# Question Of The Week... ( 2017 Week 33)



## ripjack13 (Aug 13, 2017)

*Do you try to incorporate more hand tools into your woodworking or more machinery? *
*And why....*
*




*

**Rules**
There is no minimum post requirement,
primates, woodticks and leprechauns are welcome to post an answer.
And of course you and you too...

Reactions: Like 1


----------



## woodtickgreg (Aug 13, 2017)

Starting to incorporate a little more hand tools as I acquire them. Mostly due to I just have a thing for old tools and I think it is really cool to use them and not just collect them.

Reactions: Like 6


----------



## Karl_99 (Aug 13, 2017)

It really depends on the task at hand and what is available. I do like using hand tools.

Reactions: Like 3 | Agree 1


----------



## Mike1950 (Aug 13, 2017)

I have both. If I can use a machine I do. My shoulders would not allow me to become a fulltime hand tool guy... Gotta maximize what you can do and power tools do that for me

Reactions: Like 3 | Agree 4


----------



## CWS (Aug 13, 2017)

I like machinery. I am old and lazy. Loading a blank on the CNC is enough hand work for me. I do like to collect a few old tools. I have my grandfathers two hand saws that he used when I helped him I was growing up.

Reactions: Like 2 | Agree 1 | Funny 2


----------



## DKMD (Aug 13, 2017)

More power tools for me... I prefer the speed. There is something cool about the Roy Underhill approach, but speed wins out for me.

Reactions: Like 2 | Agree 2


----------



## Brink (Aug 13, 2017)

Speed, precision, and intricacy for me.
It's either power or hand tooling that will give the best result

Reactions: Like 1 | Agree 1


----------



## David Hill (Aug 13, 2017)

Time is limited in the shop (HEAT, honeydo's, work, other projects, )so machinery for the most part. That's not to say I don't apprecuate using or seeing hand tools used.

Reactions: Like 1 | Agree 2


----------



## Blueglass (Aug 13, 2017)

I use both. Some things I just don't have the tools and technique to do by hand. I keep experimenting on smaller projects trying to get things down. I like hand tools and find them more precise on other parts of my work. I love how quiet hand tools are. I love the sound of a sharp plane cutting.

Reactions: Like 3


----------



## Nature Man (Aug 13, 2017)

I prefer machinery. While I tend to have a lot of patience usually, I am very much interested in seeing progress in projects! Chuck

Reactions: Like 1


----------



## Tony (Aug 13, 2017)

I am almost exclusively power tools. I've never learned to use hand tools and it just doesn't interest me. I could watch Roy Underhill all day and enjoy it, just don't want to do it myself. Tony

Reactions: Like 1 | Agree 1


----------



## Brink (Aug 13, 2017)

All power tooled



 

All hand tooled

Reactions: Like 1 | Funny 1 | Way Cool 1


----------



## Spinartist (Aug 13, 2017)

Both at the same time! Lathe is power tool. Chisels are hand tools.

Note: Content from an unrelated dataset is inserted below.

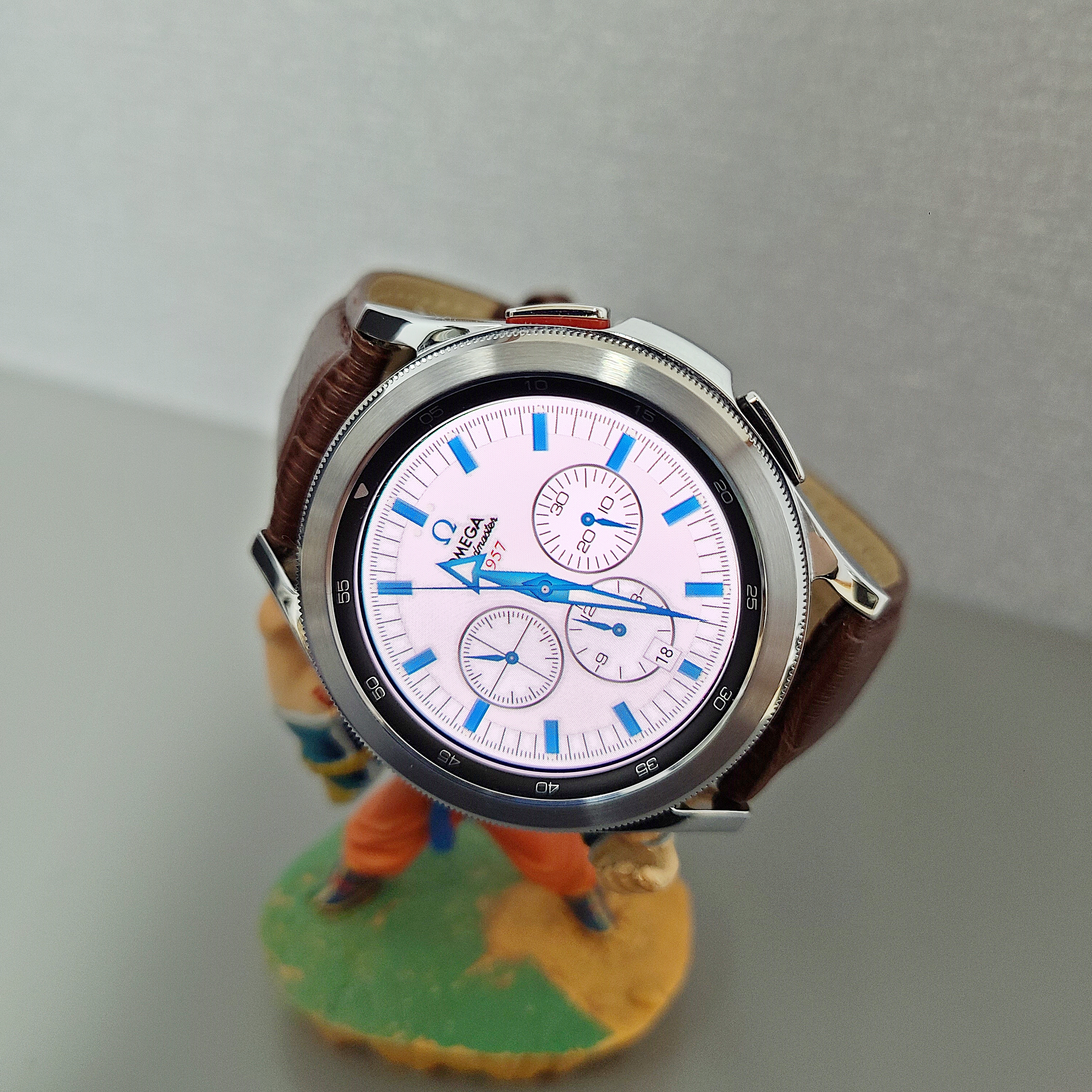 다이얼 인덱스와 시분침, 크로노그래프처럼 보조 다이얼 3개, 날짜표시까지 만들었으나

Reactions: Like 1 | Agree 1 | Funny 2


----------



## Schroedc (Aug 13, 2017)

Depends on the project. I love my old hand tools but sometimes for speed and repeatability to make a buck you just have to power through it.

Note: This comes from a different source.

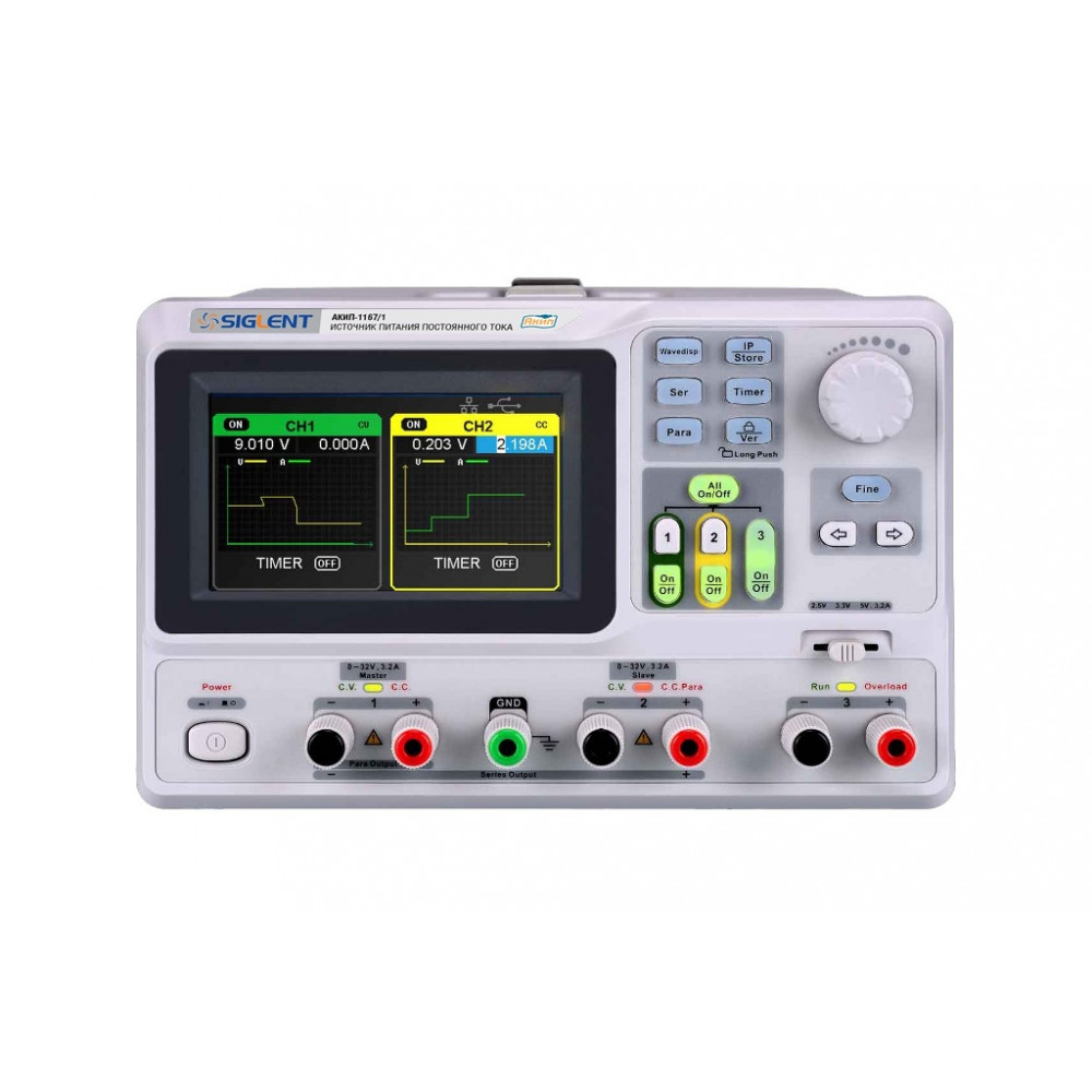 АКИП-1167/1, Источник питания постоянного тока 204.8Вт, 1 канал 0-32В/3.2А, 2 канал 0-32В/3.2А, 3 канал 2.5В/3.3В/5В/3.2А, дискретность 1мВ/ 1мА

Reactions: Like 1 | Agree 1


----------



## rocky1 (Aug 13, 2017)

Do a little of both at times, but usually it's power tools to get where I want to go, then sand and finish by hand. Simply easier and quicker, don't have enough time in the shop the way it is, but do enjoy the satisfaction hand sanding and polishing a piece to perfection brings.

Reactions: Like 5


----------



## Sprung (Aug 13, 2017)

I am definitely on the side of power tools, but am trying to incorporate some more hand tool work than I have in the past - especially in those instances where it's the best tool for the job or the easiest way to accomplish something.

Reactions: Like 2 | Agree 1 | Great Post 1


----------



## Lou Currier (Aug 13, 2017)

What's a hand tool

Reactions: Funny 5


----------



## justallan (Aug 13, 2017)

Power tools for me as much as possible, other than fine sanding. Somehow sanding just never gets perfect for me unless the final touch is by hand.

Reactions: Like 1 | Agree 3


----------



## Sidecar (Aug 14, 2017)

Stuff rules ! 
Think maybe I'm a recarnade'd Shaker but the good Lord forgot to throw in the talent , guess he wanted a chuckle now and again .

Reactions: Like 1 | Funny 1


----------



## kweinert (Aug 14, 2017)

Mostly a power tool user. I occasionally use hand tools for tuning up cuts, etc but my work is with power tools.

Reactions: Like 2


----------